La interpretación que propicio hacer de la norma en cuestión ha sido admitida por distintos tribunales de nuestro país en casos análogos al que hoy nos ocupa. Así, por ejemplo:

La Sala A de la Cámara de Apelaciones de Comodoro Rivadavia, en un caso muy similar al que hoy nos ocupa y en una causa contra la misma empleadora, resolvió que «La interpretación de la sentencia solo admitiendo que el deber de otorgar tareas diferencias se basa en la rígida calificación de alta definitiva, contradice la interpretación de amplitud que admite un alta transitoria» (Cámara de Apelaciones de Comodoro Rivadavia, Sala A, SDL 3/2017).

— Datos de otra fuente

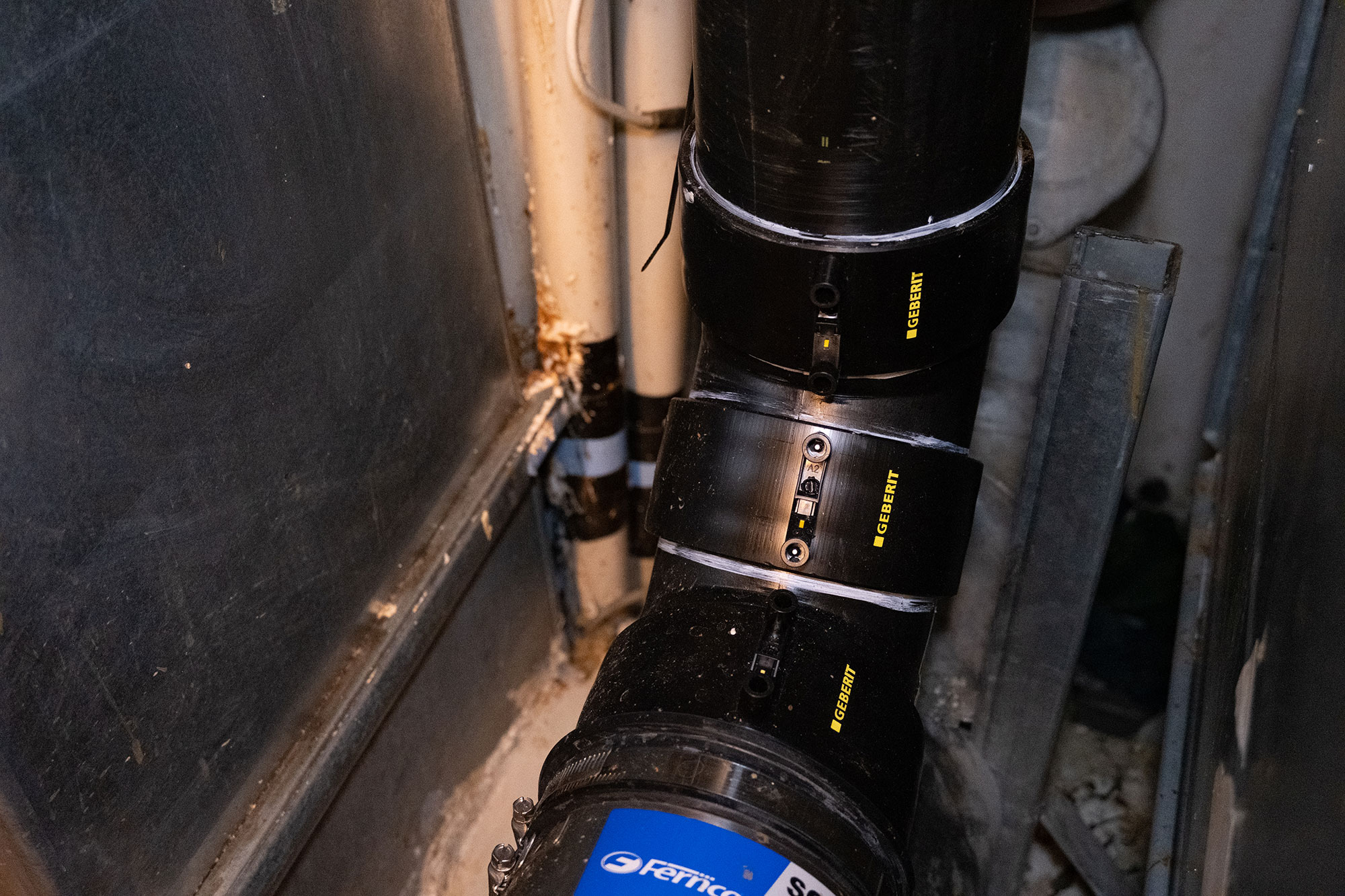 Ved å kombinere prefabrikasjon, god planlegging og et robust rørsystem gjennomførte vi utskiftingen effektivt og sikkert. Geberit PE gir en varig løsning som tåler påkjenningene ved høy fallhøyde og krevende installasjonsmiljø.
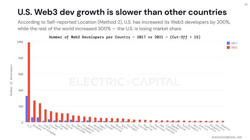 Согласно отчету Electric Capital, с 2017 года абсолютное число web3-разработчиков в США выросло на 200%. В остальном мире этот же показатель увеличился на 300%.
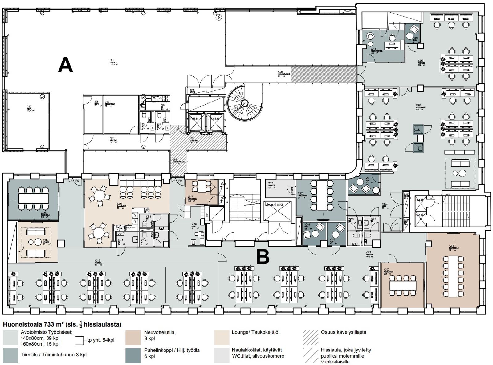 Vuokrataan Helsingin Hakaniemestä kolmannen kerroksen 733 m² toimistotila.
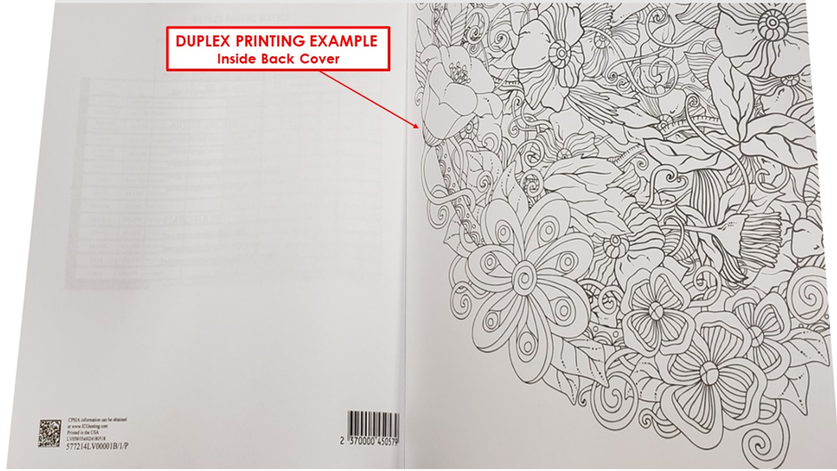 Duplex printing allows the printing of a sheet of paper on both sides. In the case of a book cover, this allows you to design elements to be printed inside the front and back cover. Contact Support to request a sample book.
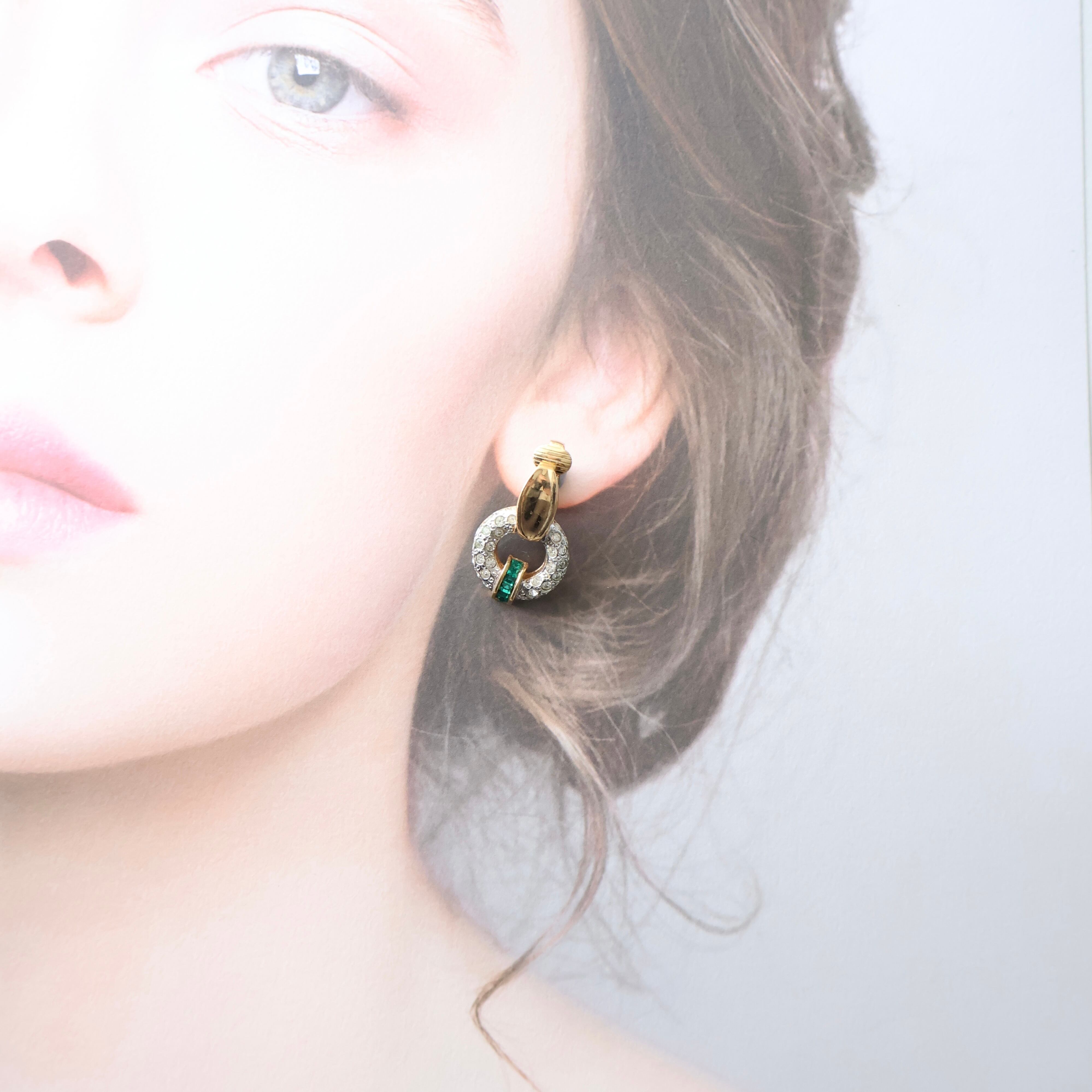 クリアラインストーンが敷き詰められたフープデザインに、鮮やかなグリーンストーンがアクセントとして配された華やかなイヤリング。シンプルなジャケットやシャツスタイルに合わせると、洗練されたヴィンテージ感を演出します。

La Sala VI de la Cámara Nacional del Trabajo dijo: «En orden al tema debatido en autos, considero que a los efectos de la reincorporación de la trabajadora al desempeño de tareas dentro de la empresa (ya sean las habituales o las acordes a su capacidad física disminuída) no resulta necesaria un alta médica definitiva sino simplemente el certificado médico que acredite que la trabajadora si bien padece una disminución de su capacidad laborativa, está en condiciones de realizar tareas de acuerdo a la misma, tal como sucedió en el caso de autos» (Cámara Nacional de Apelaciones del Trabajo, sala VI – Fecha: 27/10/2015 – Partes: Di Ciocco Olivera, María Carmen c. INC S.A. s/ despido – Publicado en: La Ley Online; Cita: TR LALEY AR/JUR/57143/2015).

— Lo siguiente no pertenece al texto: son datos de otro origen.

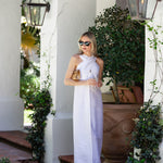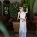 Meet the Camille Dress, an elegant and extremely flattering event dress for the season's soirees. Perfectly minimalist in design, she's both elegant and a little bit sexy. Made of our favorite silk dupioni fabric, the Camille features a crossed halter-neck with a full back to make it bra friendly, paneled front and a front slit. Zip closure in back.
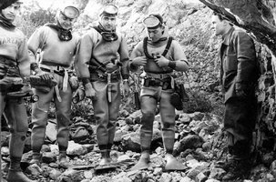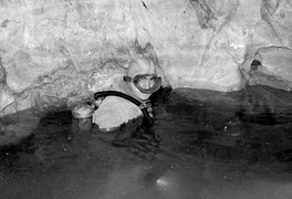 le 25-11-1956 franchissement en plongée des deux siphons, nous sommes arretés par une petite verticale de 6 mètres peu aprés l'amont du siphon n° 2.
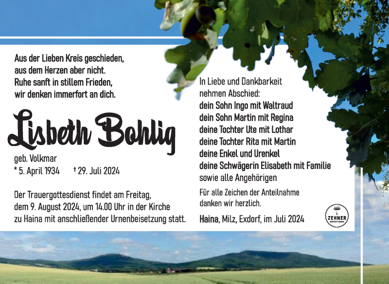 Hier finden Sie alle Traueranzeigen aus der Zeitung, die bisher für Lisbeth Bohlig erschienen sind. Weitere Traueranzeigen, die in der Zeitung erscheinen, werden hier ebenfalls aufgelistet
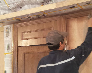 油漆材料進場,客戶確認,木漆面油漆封底施工,抗裂找平膩子找平,陰陽角
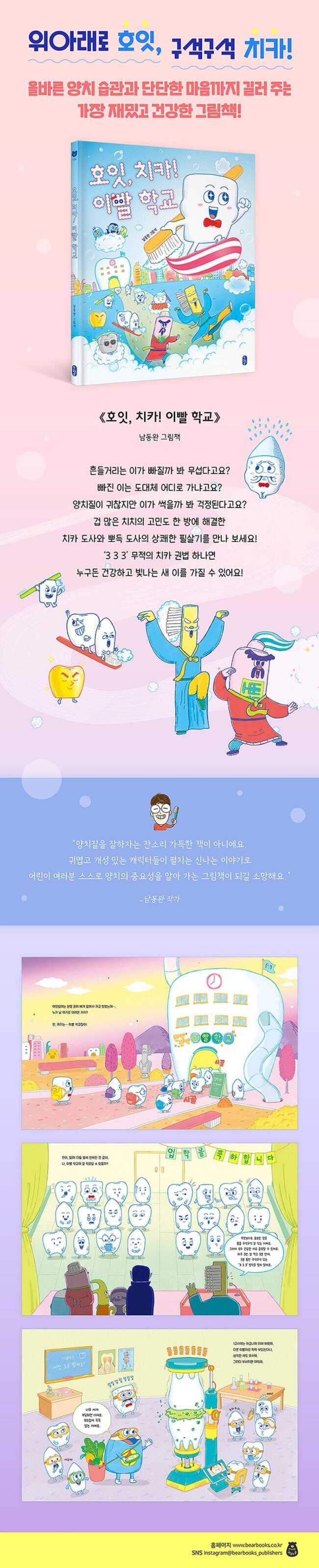 남동완 작가는 두 아이를 키우며 세상에서 제일 귀찮고 지겨운 숙제인 양치가 조금이라도 즐거운 놀이가 되길 바라는 아빠의 마음으로 이 이야기를 만들었다고 합니다. 그래서인지 책장을 한 장 한 장 넘길 때마다 곳곳에서 열심히 궁리한 흔적들이 보입니다. 학교 건물은 튼튼한 어금니 모양이고 선생님은 모두 양치 도구에서 착안한 캐릭터들입니다. 겁 많고 소심한 주인공 치치가 학교에 적응해 가고 급기야 위기에 처한 친구들을 구해내는 모습은 유치원이나 초등학교 입학을 앞둔 어린이들에게 커다란 격려가 되어 줍니다. 또한 다른 이들보다 느리게 자라는 사랑니 교실에서는 저마의 속도와 다름을 존중하는 따뜻한 시선도 느껴집니다.
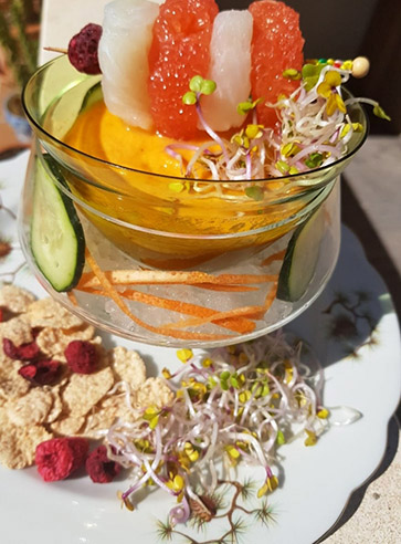 Serví en la parte superior el gazpacho de pomelo y como guarnición puse la brocheta de corvina y pomelo, acompañamos con unos brotes de rabanito para darle el toque picante.
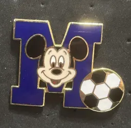 Mickey Letterman M Soccer is an Open Edition pin from the Mickey Soccer pin series. It was originally released on , 2005 and was available from Multiple Sources (WDW, DLR, etc.).

En idéntico sentido se expidió el Superior Tribunal de Justicia de Santiago del Estero:»El despido indirecto en que se colocó el trabajador durante el período de conservación del empleo resultó justificado si acreditó la pretensión de reintegrarse a su trabajo, con la aquiescencia de su médico especialista, y su empleador, en lugar de readmitirlo con tareas compatibles, se abroqueló en la falta de alta médica y en la falta de acreditación de la incapacidad definitiva, pues esa actitud soslaya el orden público laboral, al no cumplir con el art. 78 de la Ley 20.744, y violenta los principios de probidad y buena fe y de continuidad del contrato laboral» (Superior Tribunal de Justicia de Santiago del Estero, sala Criminal, Laboral y Minas – Fecha: 02/03/2016 – Partes: Sottana, Rosana Marta c. Supermat S.A. s/ indemnización prevista en el art. 212 L.C.T., etc. – casación laboral – Publicado en: LLNOA2016 (octubre), 494 – Cita: TR LALEY AR/JUR/13372/2016).

En igual sentido se expidió la Cámara de A pelaciones del Trabajo y Minas de 1a Nominación de Santiago del Estero en los siguientes términos: «A pesar de que la norma se refiere a la disminución definitiva de la capacidad laborativa del trabajador, si la incapacidad le permite al trabajador volver a trabajar, aun cuando esta incapacidad no haya alcanzado definitividad, no obsta a la obligación del empleador asignarle tareas acordes a ella. Ello así, porque el fundamento de la norma es procurar la continuidad del contrato de trabajo, y si bien la obligación surge ineludible, a tenor del texto legal cuando la incapacidad es ya definitiva, cuanto más si aún ésta no ha alcanzado definitividad, desde que la obligación de dar tareas distintas también será temporaria, hasta la recuperación definitiva del trabajador y éste vuelva a sus actividades normales o devendrá la obligación en definitiva, de no alcanzar el dependiente la recuperación necesaria para realizar las tareas que venía realizando.Resulta impensable que si la obligación legal surge como consecuencia de una situación definitiva, no sea contemplada ante una situación temporal, imposibilitándose la continuidad del contrato de trabajo» (Cámara de Apelaciones del Trabajo y Minas de 1a Nominación de Santiago del Estero – Fecha:

21/05/2012 – Partes: Sayago, Liliana Elizabeth c. Compañía de Recreativos Argentinos – U.T.E. y/o responsable s/ diferencia de vacaciones prop. 2006, etc Publicado en: La Ley Online; Cita: TR LALEY AR/JUR/18039/2012).

Por las razones expresadas, propongo al acuerdo el rechazo del agravio en tratamiento.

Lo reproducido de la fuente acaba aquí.